Excerpt from Britannica online article
Mary Ellen Calkins

Our 2nd-great-grandmother Mary Ellen Calkins was born in Switzerland, Indiana. She was the second eldest of many siblings. The below uncorroborated story about her father Henry Calkin, as found on findagrave.com, indicates Mary helped raise several siblings after her mother’s death.
Henry Marvin Calkin was born in Switzerland County, Indiana in 1822 to Thomas Calkin and Mary Hinman. He grew up there and married Elizabeth Larkin in Spencer County, Indiana in 1846 and had a number of children.

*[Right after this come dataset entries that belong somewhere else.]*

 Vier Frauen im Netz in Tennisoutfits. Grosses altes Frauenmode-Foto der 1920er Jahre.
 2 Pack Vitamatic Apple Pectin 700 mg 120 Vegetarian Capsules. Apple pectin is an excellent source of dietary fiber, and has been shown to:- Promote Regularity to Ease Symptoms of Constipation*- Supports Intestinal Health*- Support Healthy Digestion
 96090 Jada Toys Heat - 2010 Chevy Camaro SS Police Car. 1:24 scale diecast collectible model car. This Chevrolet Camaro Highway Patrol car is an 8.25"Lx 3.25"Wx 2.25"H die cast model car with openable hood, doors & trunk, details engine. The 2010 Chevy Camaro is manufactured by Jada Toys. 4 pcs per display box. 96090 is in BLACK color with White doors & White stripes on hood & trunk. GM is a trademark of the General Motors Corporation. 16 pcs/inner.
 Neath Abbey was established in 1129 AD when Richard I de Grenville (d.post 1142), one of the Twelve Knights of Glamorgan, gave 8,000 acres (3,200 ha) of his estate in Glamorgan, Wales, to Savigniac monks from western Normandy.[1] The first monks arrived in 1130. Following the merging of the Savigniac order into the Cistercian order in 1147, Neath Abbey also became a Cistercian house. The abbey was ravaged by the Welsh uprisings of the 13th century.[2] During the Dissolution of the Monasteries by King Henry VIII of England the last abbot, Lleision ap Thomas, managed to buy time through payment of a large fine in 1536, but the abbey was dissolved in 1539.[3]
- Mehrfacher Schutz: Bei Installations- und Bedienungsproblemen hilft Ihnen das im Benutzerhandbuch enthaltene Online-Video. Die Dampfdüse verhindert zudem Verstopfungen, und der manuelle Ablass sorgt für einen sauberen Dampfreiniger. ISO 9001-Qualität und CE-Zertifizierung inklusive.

Henry traveled to New Orleans on a flat bottom boat, and while he was there the Calkin family contracted smallpox and he hurried home. His wife and some of the children died from the disease, and Henry also contracted it. He survived it but bore the characteristic pitted face from the sores.

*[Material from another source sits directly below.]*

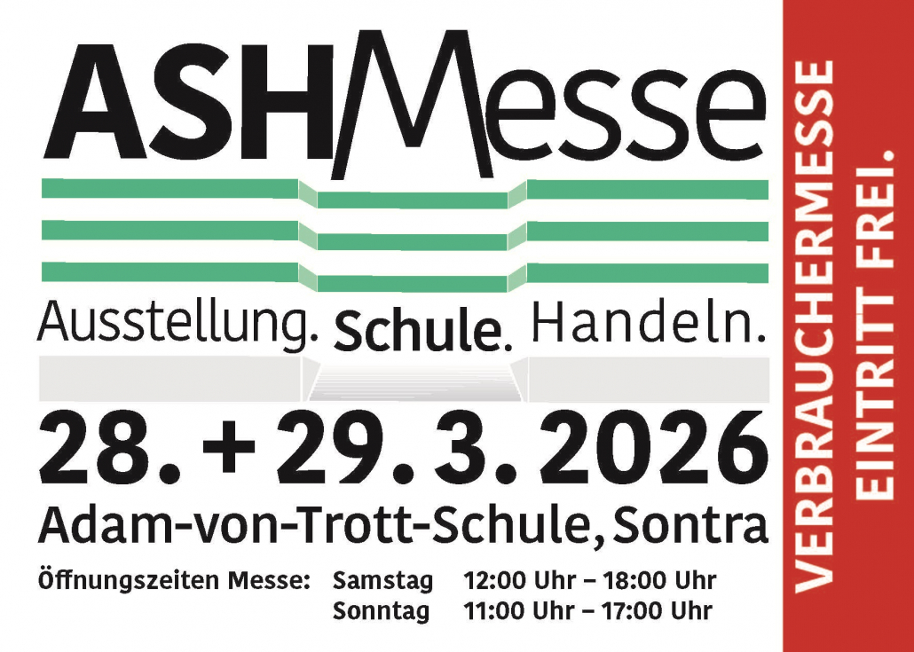 Auch in diesem Jahr sind wir wieder auf der ASH-Verbrauchermesse in Sontra vertreten. Die Messe findet am 28. und 29. März 2026 in der Adam-von-Trott-Schule statt.
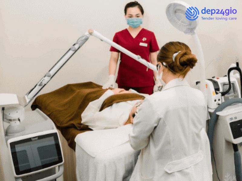 Laser CO2 Fractional: Phương pháp này sử dụng laser CO2 để tạo ra các vi điểm trên da, kích thích quá trình tái tạo và làm mới da. Nó không chỉ giúp làm sáng da mà còn cải thiện sẹo và nếp nhăn.

Henry had gone to California during the Great Gold Rush and had experience in gold mining. Due to his resume, he was offered a position managing a lead mine near Chauncey, Missouri, so he headed there, where he married Mary Gibson, an orphan working in her sister’s boarding house near Chauncey. After he married, he sent for his younger children who had been living in Illinois with two older daughters, Sarah and Mary, who brought them to Missouri.
Taken from an unverified story on findagrave.com
Marriage and children
On 28 March 1866, Joseph (at 20 years old) married Mary Calkins (just 17 years old) in Spencer County, according to Indiana marriage records. Together, Joseph and Mary had the following children (census data indicates they had a total of ten children, but only seven lived):

- Eugene (about 1867- )
- Ulysses (about 1869- )
- Sylvester (about 1871- )
- Wm (about 1873- )
- Lillian (about 1875- )
- Oleva, our great-grandmother (1878- 1943)
- Herbert (1880- )
By 1870, the family was living in Jackson, Camden County, Missouri. Then the family moved to Turnback, Lawrence County, Missouri by 1880, where Joseph continued to farm, according to census data. Living in Missouri during this time, Joseph may have farmed produce such as wheat, oats, hay, tobacco, or potatoes.

Later in their marriage, Joseph and Mary appeared have significant relationship troubles, according to an article from the “Lawrence Chieftain” on 10 January 1895 detailing Joseph’s request for a divorce. In the article, Joseph claims he was lawfully married to Mary and lived with her until 28 June 1893. During their marriage, Joseph claimed to have “faithfully demeaned himself and discharged all his duties as the husband and at all times treated her with kindness and affection.” He accused Mary of wholly disregarding her duties as wife, since coming to this town and that she “absented herself from Joseph without a reasonable cause, for one whole year before filing of this petition…Joseph therefore prays for a divorce from the bonds of matrimony.”
It appears that the two mended their relationship because the divorce did not materialize, and Joseph and Mary, together, moved back first to Prairie, Indiana and then eventually to Beggs, Oklahoma between 1910 and 1912.
After Joseph’s death on 16 June 1912, Mary continued to live in Beggs, where she was listed as a widow in the next two census publications. She died in Beggs on 29 April 1933 at the age of 84.